Now, counting from S1 or D1 (counting them as the first generation) and tracing the line upwards upto A, one finds that A is exactly the fifth generation from either S1 or D1, and that F3, F2 and F1 are lineal ascendants within the limit of the fifth generation. Therefore, A, F3, F2, F1, S1 and D1 are all sapindas of one another.

On the other side, if one counts from either S2 or D2 (counting them as the first generation) through their mother M, and if one traces the line upwards upto A, it will be seen that A is exactly three generations away from either S2 or D2. Therefore, A, M, S2 and D2 are all sapindas of one another.

Now, S1, D1, F1, F2 and F3 on the one side, and S2, D2 and M on the other side, have a common lineal ascendant A, who is within the limits of sapinda relationship with reference to each of them. All of them are, therefore, sapindas of one another.

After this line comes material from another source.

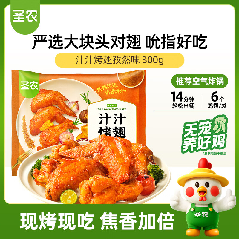圣农汁汁烤翅孜然味 净重300g/包 3对翅 冷冻半成品 空气炸锅食材美食

Two persons are said to be within the degrees of prohibited relationship:

(1) If one is a lineal ascendant of the other; or

(2) If one is the wife or husband of the lineal ascendant or descendant of the other; or

(3) If one is the wife of the brother or of the father’s or mother’s brother, or of the grandfather’s or grandmother’s brother of the other; or

(4) If the two are brother and sister, uncle and niece, aunt and nephew, or children of brother and sister, or of two brothers or of two sisters.

It has also been expressly clarified that relationship includes—

(i) Relationship by full blood, half blood, as well as uterine blood;

(ii) Legitimate, as well as illegitimate, blood relationship; and

(iii) Blood relationship, as well as relationship by adoption.

(It is to be noted that one of the conditions of a valid Hindu marriage is that the parties should not be with the degrees of prohibited relationship.